As emerging from previous caseloads, this study confirms that data on signalment, clinical presentation, and follow up may support histopathological diagnosis, but are not sufficient to differentiate CPA from other lesions, including neoplasia. Because of the paucity of fully documented cases, it is not possible to establish breed or gender predisposition for canine CPA. Almost half of the cases in this work were from mixed breed dogs (41.9%), paralleling previous reports where mainly mixed breeds are affected by CPA. Reported breeds include Labrador retriever, Shar-pei and, Cocker spaniel [1,2,4,5,6,7,8,9].

Noteworthy, in this study, six dogs were 3 years of age or younger; the young age at presentation might represent a useful clue for alerting the pathologist that the lesion represents a non-neoplastic vascular disorder. However, as older dogs were affected by CPA, diagnostic imaging and skin biopsies should be always included in the diagnostic workup when a cutaneous vascular disorder is suspected.

In this caseload, almost half of the dogs presented lesions on the limbs, paralleling reported sites of emergence of CPA in previous publications [2,4,5,7,9,10]. Most common sites of occurrence include distal extremities (digits and feet) and the head, although other anatomical sites may be involved [1,2,6]. On the contrary, feet were not a common site of CPA emergence in this caseload, and this may account for the lack of bony invasion reported in this caseload.

Although out of the scope, the main limit of this study regards the follow up data collection obtained only from five cases. However, no history of metastatic disease or death related to disease were recorded.

Noteworthy, malformed vessels were detected in a subgroup of canine CPA cases. This finding in association with the young age (sometimes appearing at birth) of many cases suggest that some forms of CPA may evolve from a congenital lesion (malformative origin) that cannot be readily detected at birth or soon thereafter because of the deep tissue location. Noteworthy, it is well known in human medicine that those cases of vascular malformations located in deep tissues become evident later in life upon progression of disease, because of the abnormal blood pressure/flow inducing progression of the disease.

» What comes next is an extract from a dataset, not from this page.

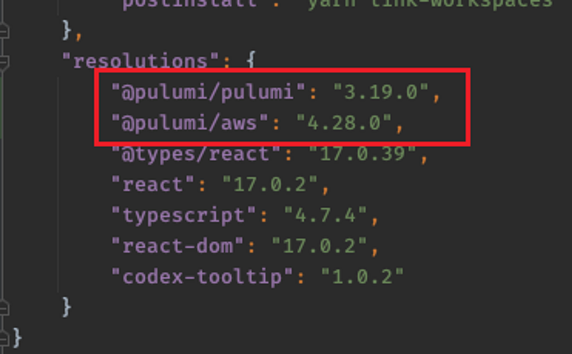 In the new project, we want to keep the same versions of Pulumi-related NPM packages. That’s why, we need to copy the related resolutions entries, located in root package.json file of our old project:
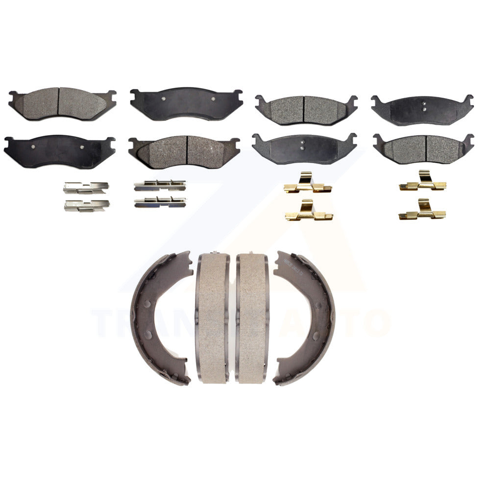 Front Rear Semi-Metallic Brake Pads Parking Shoes Kit For Dodge Durango Ram 1500

This hypothesis needs to be further investigated in a larger caseload in association with adequate diagnostic imaging procedures.

In conclusion, although CPA has been clinically and histologically described previously in dogs, this study represents the first attempt to detail CPA histological features and their significance in the diagnosis of this entity. Several features have demonstrated to be highly useful for CPA identification against HS. Further studies and complete clinical descriptions are needed to confirm our findings and to verify the malformative or proliferative origin of CPA, and should include clinical presentation, diagnostic imaging confirmation, histomorphological aspects, natural evolution, and therapy response.